* DATA SHOWN *
+++
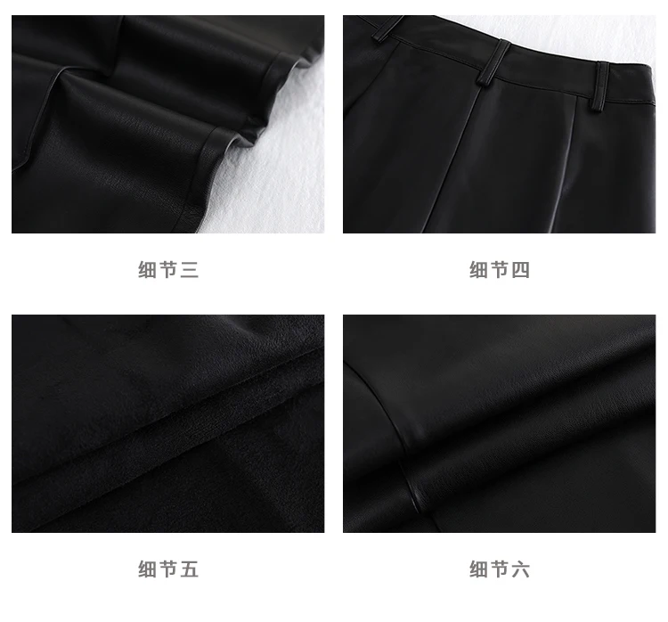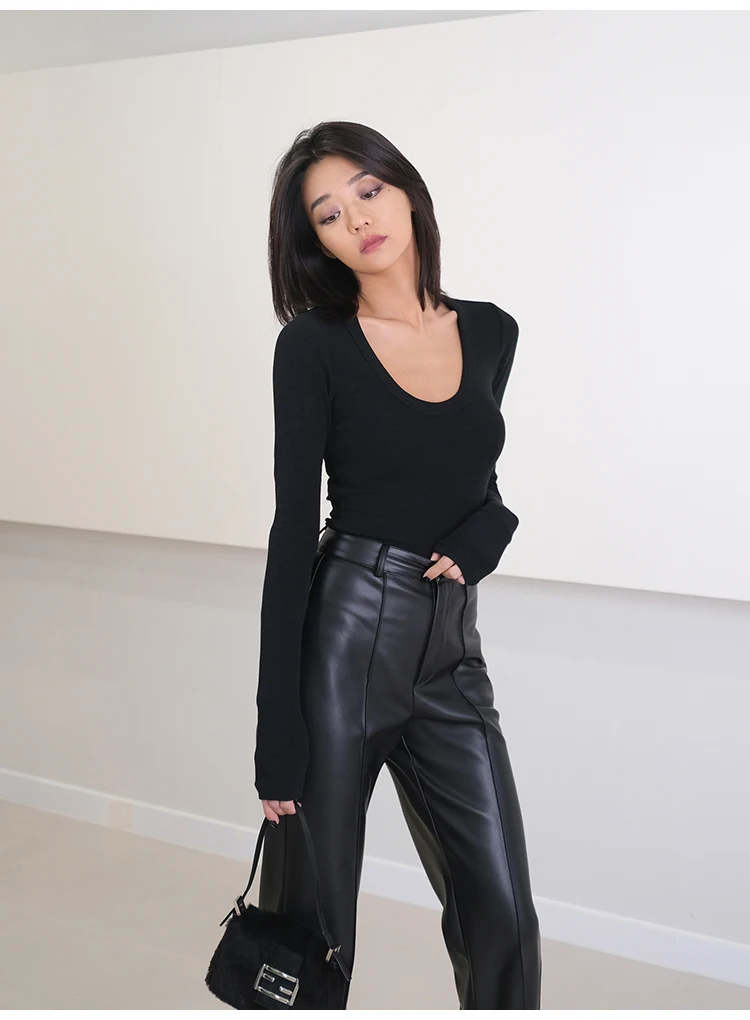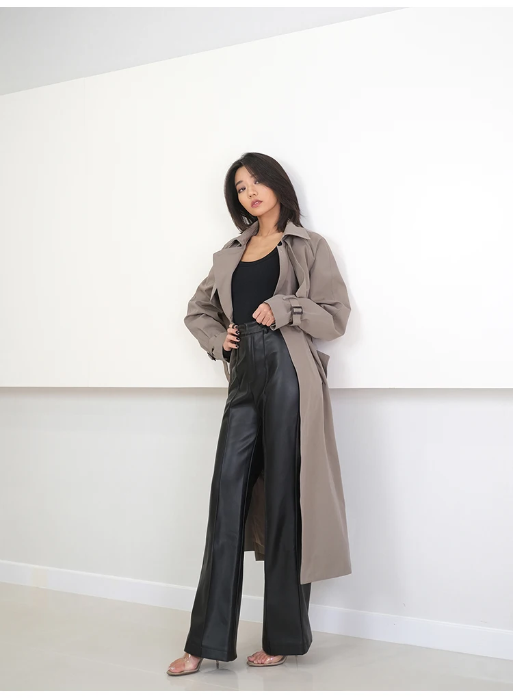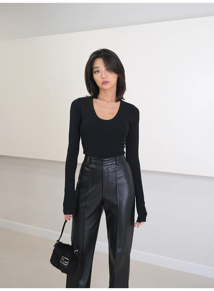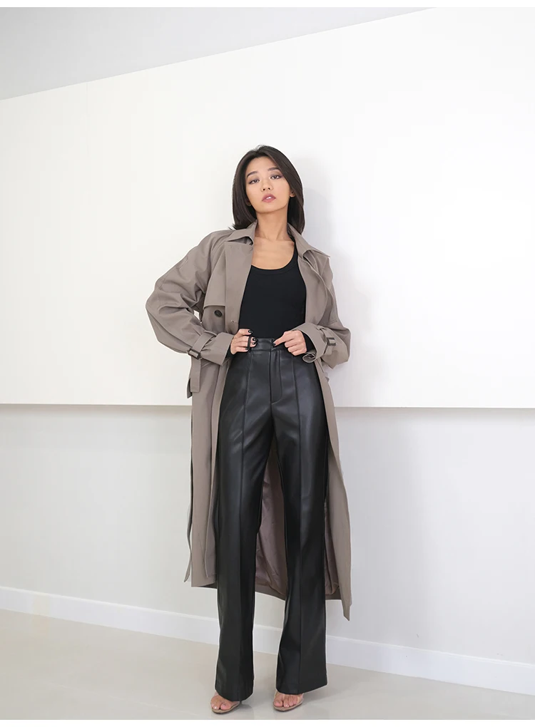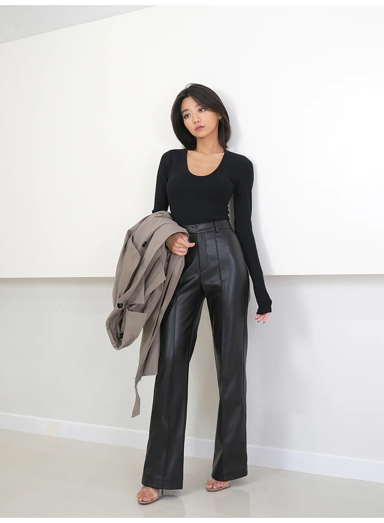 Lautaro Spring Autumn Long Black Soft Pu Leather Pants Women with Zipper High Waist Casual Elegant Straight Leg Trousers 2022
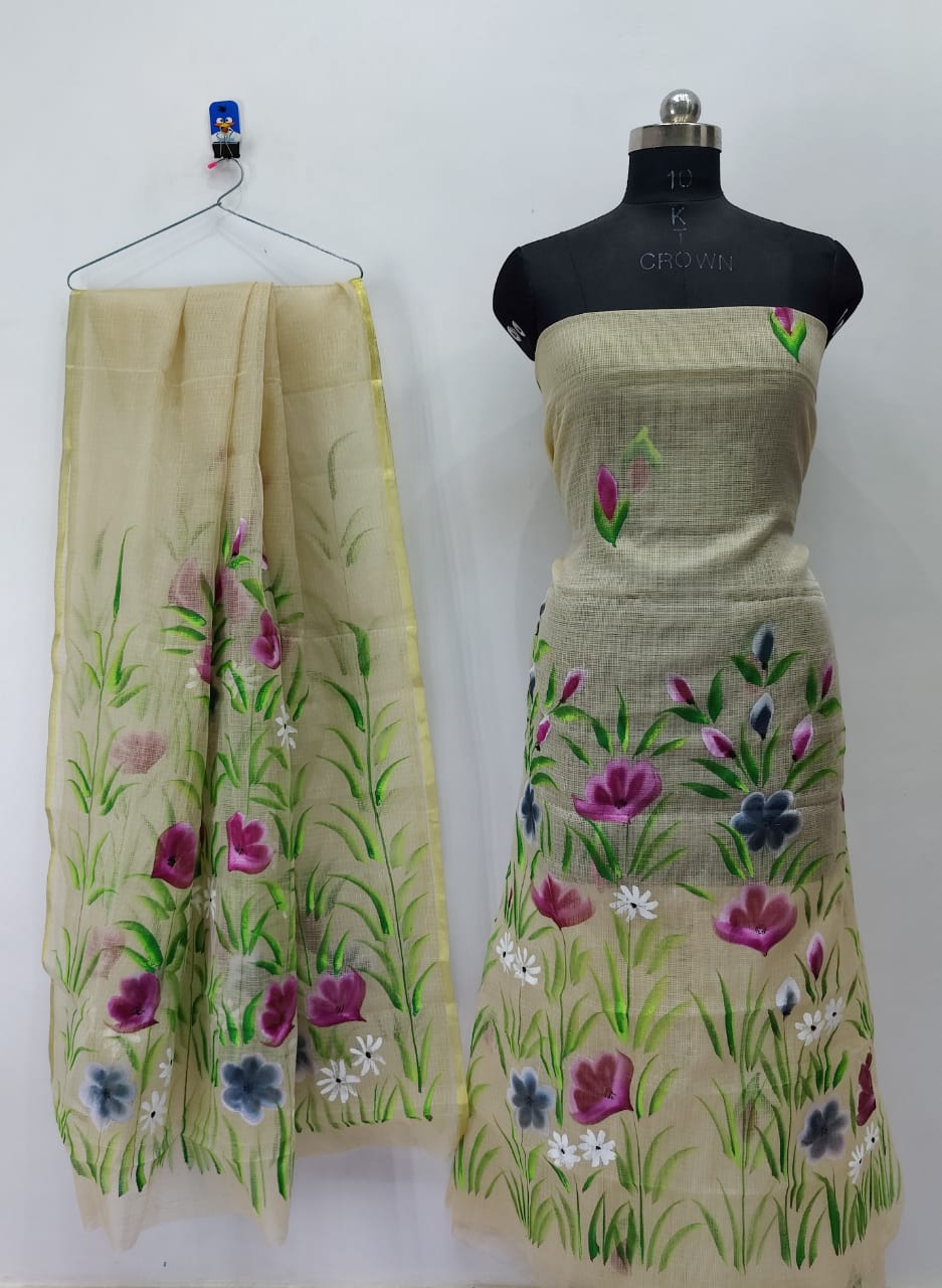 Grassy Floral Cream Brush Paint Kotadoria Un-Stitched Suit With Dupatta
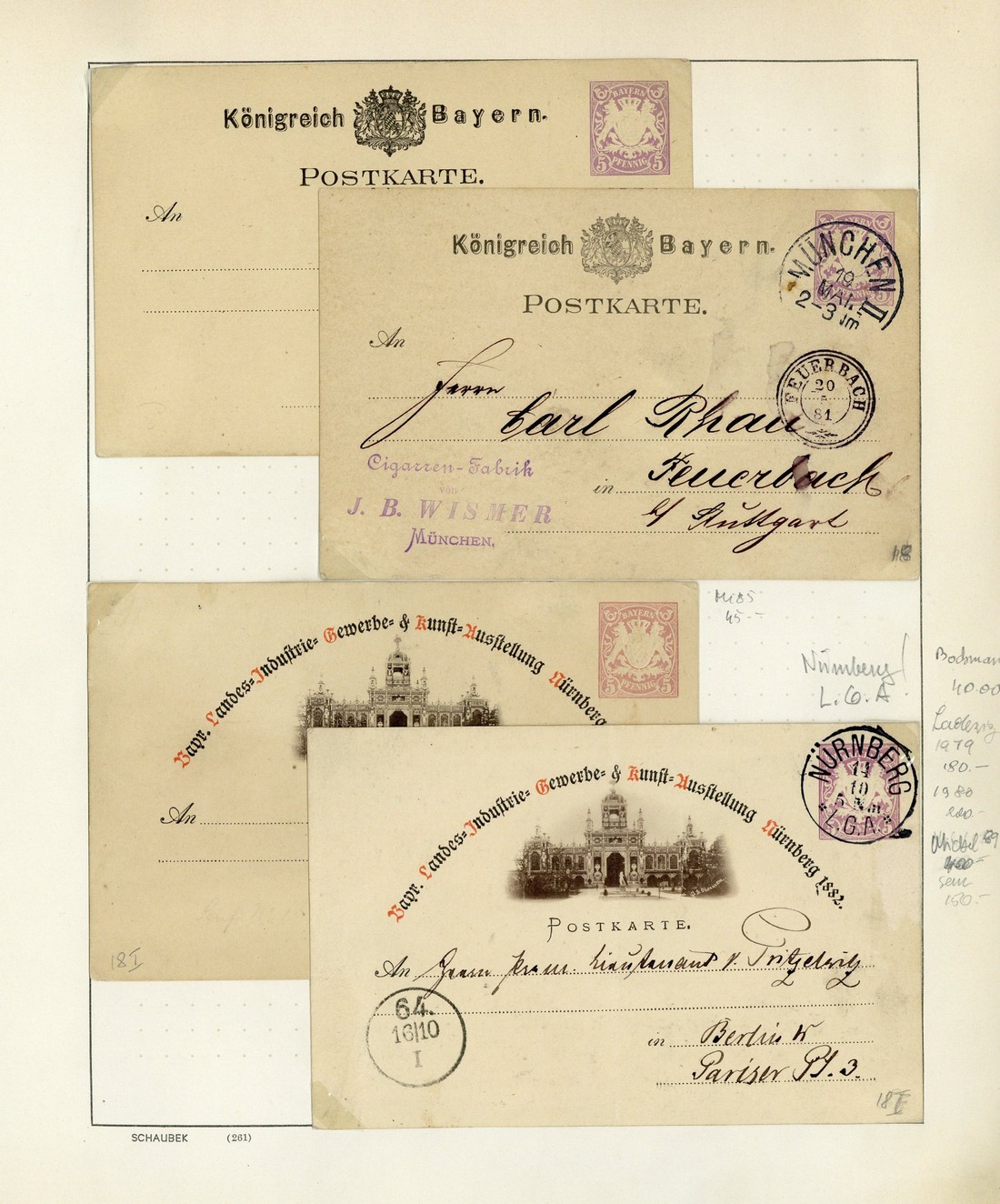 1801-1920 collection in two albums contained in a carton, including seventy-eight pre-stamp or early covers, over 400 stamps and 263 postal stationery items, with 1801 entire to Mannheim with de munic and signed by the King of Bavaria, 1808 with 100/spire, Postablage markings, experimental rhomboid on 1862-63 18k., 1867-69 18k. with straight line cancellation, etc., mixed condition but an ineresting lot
+++
Down to the last line, print the material exactly, but not its pictures.

* TASK RESULT *
 Lautaro Spring Autumn Long Black Soft Pu Leather Pants Women with Zipper High Waist Casual Elegant Straight Leg Trousers 2022
 Grassy Floral Cream Brush Paint Kotadoria Un-Stitched Suit With Dupatta
 1801-1920 collection in two albums contained in a carton, including seventy-eight pre-stamp or early covers, over 400 stamps and 263 postal stationery items, with 1801 entire to Mannheim with de munic and signed by the King of Bavaria, 1808 with 100/spire, Postablage markings, experimental rhomboid on 1862-63 18k., 1867-69 18k. with straight line cancellation, etc., mixed condition but an ineresting lot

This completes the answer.